Task brief:
What lines in the records below contain the string "with"? Copy every one.

Extracted records:
-=-=-
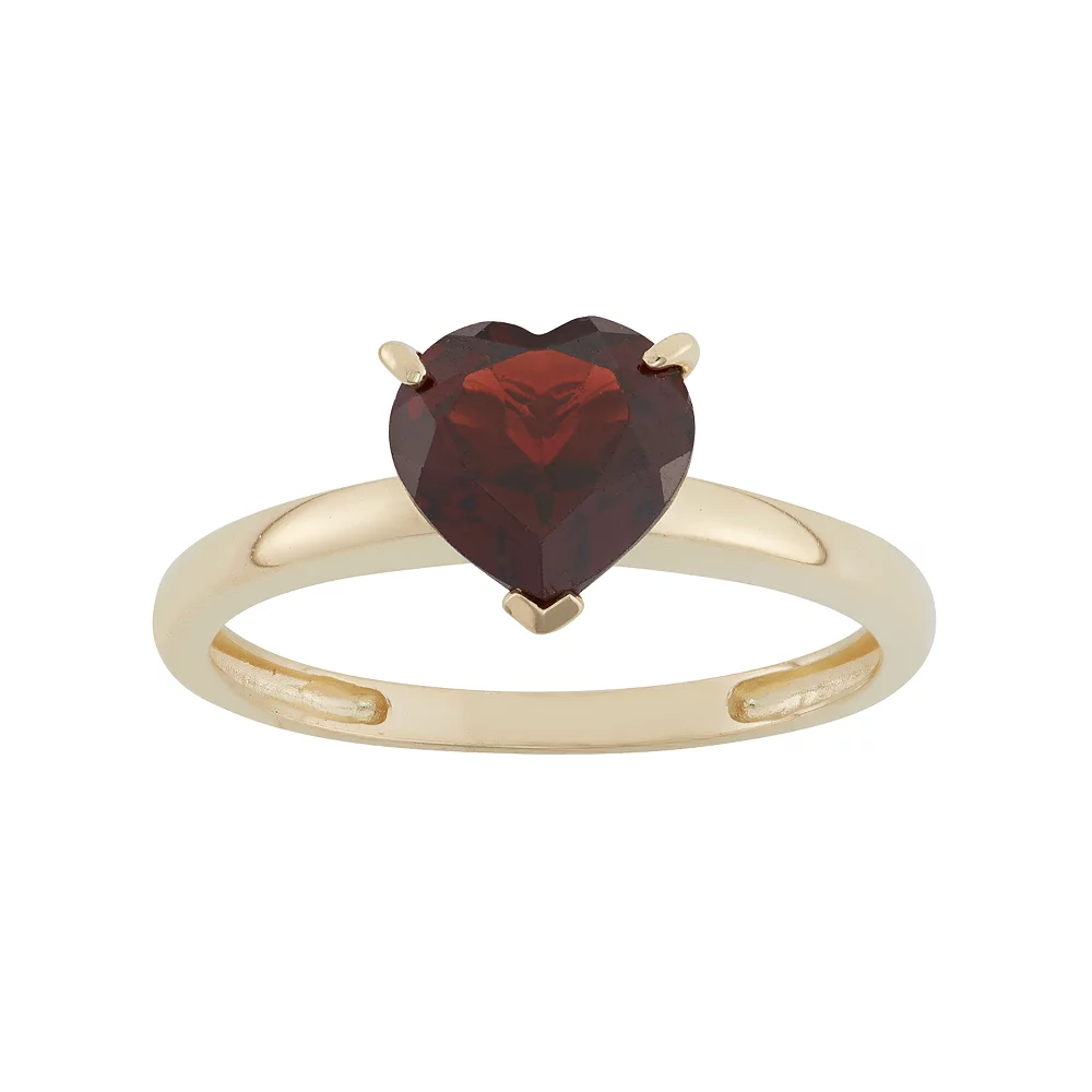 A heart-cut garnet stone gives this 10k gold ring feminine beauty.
-=-=-
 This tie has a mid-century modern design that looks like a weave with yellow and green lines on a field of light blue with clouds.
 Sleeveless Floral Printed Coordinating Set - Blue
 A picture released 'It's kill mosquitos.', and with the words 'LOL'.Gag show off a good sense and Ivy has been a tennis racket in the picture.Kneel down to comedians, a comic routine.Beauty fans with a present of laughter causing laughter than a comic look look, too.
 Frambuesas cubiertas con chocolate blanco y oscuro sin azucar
-=-=-
Answer to the exercise:
 This tie has a mid-century modern design that looks like a weave with yellow and green lines on a field of light blue with clouds.
 A picture released 'It's kill mosquitos.', and with the words 'LOL'.Gag show off a good sense and Ivy has been a tennis racket in the picture.Kneel down to comedians, a comic routine.Beauty fans with a present of laughter causing laughter than a comic look look, too.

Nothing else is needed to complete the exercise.